Over on the Kaggle discussion board, Jeff made a few really interesting posts. In one, he compared how the approximately 250 Kaggle teams fared, as far as pick percentage, relative to a set of more than 60 national experts.

(1) How accurate were the winner’s predictions?

The simplest way to measure the accuracy of basketball game predictions is to calculate the percentage of winners correctly predicted. In general anything over 70% is pretty good, especially this year when there were many upsets. To get a general sense, I looked at the pre-tournament rankings from 60+ different “experts” – organizations or individuals who publish weekly top-to-bottom rankings for all 351 Division-I teams. By seeing who they had ranked better in each of the 63 tournament games, I could then determine how many of the games those rankings would correctly project. Note that I found these using Kenneth Massey’s “College Basketball Ranking Composite” page.

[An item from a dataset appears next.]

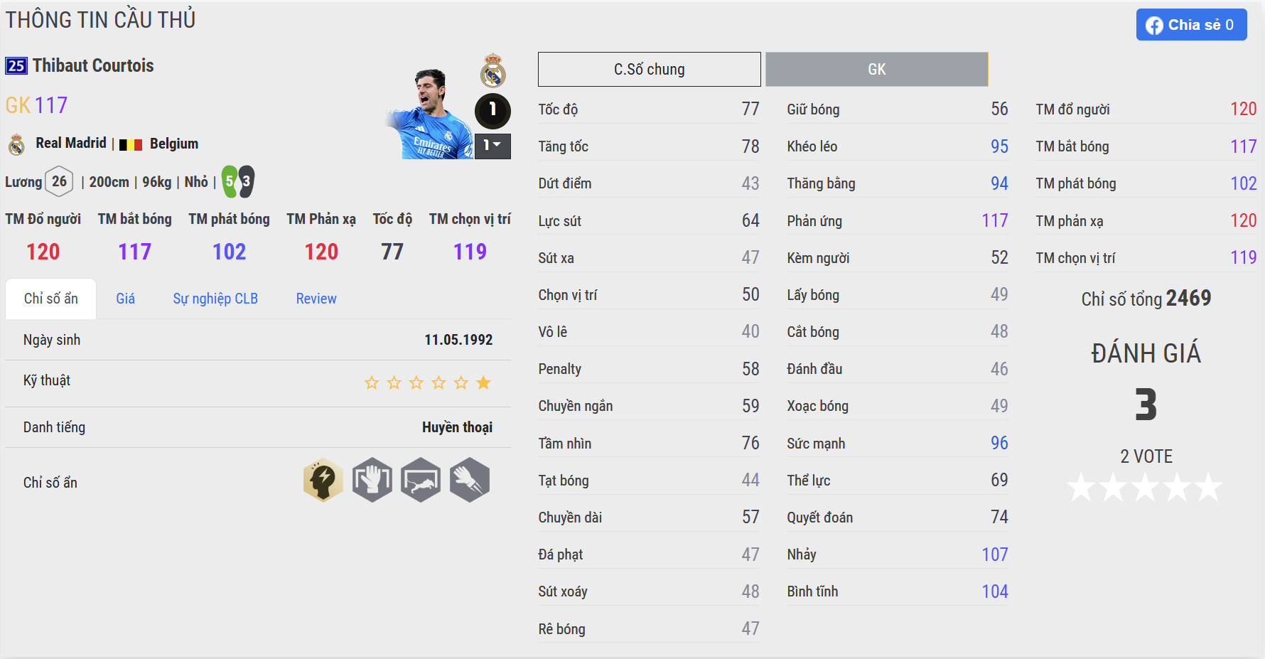 Thibaut Courtois 25UCL là cái tên nổi bật nhất nhờ sự toàn diện và độ ổn định cực cao. Với thể hình lý tưởng cùng sải tay dài, Courtois có thể cản phá hiệu quả trong cả những tình huống sút xa lẫn đối mặt. Khả năng chọn vị trí thông minh, phản xạ tốt và sự chắc chắn trong khung gỗ giúp anh trở thành lựa chọn hàng đầu cho mọi đội hình hướng đến sự an toàn.

Out of 60+ experts, only two of them correctly predicted 70% or more of the tournament games – two organizations (the Dunkel Index and UPS Team Performance) both predicted 45 out of 63 games correctly, a 71% rate. On the other hand, there were 26 Kaggle teams that predicted 70% or more games correctly, led by Siddharth Chandrakant, who picked 48 correctly (a 76% rate), and three different teams (KUL_Pandabär, jostheim, and Jason_ATX) who picked 47 (a 75% rate), and four other teams (One shining MGF, mm2012mm, Fomalhaut, and jitans), who each picked 46 (a 73% rate), all superior to any of the 60+ experts.

Looks like the Kagglers were onto something.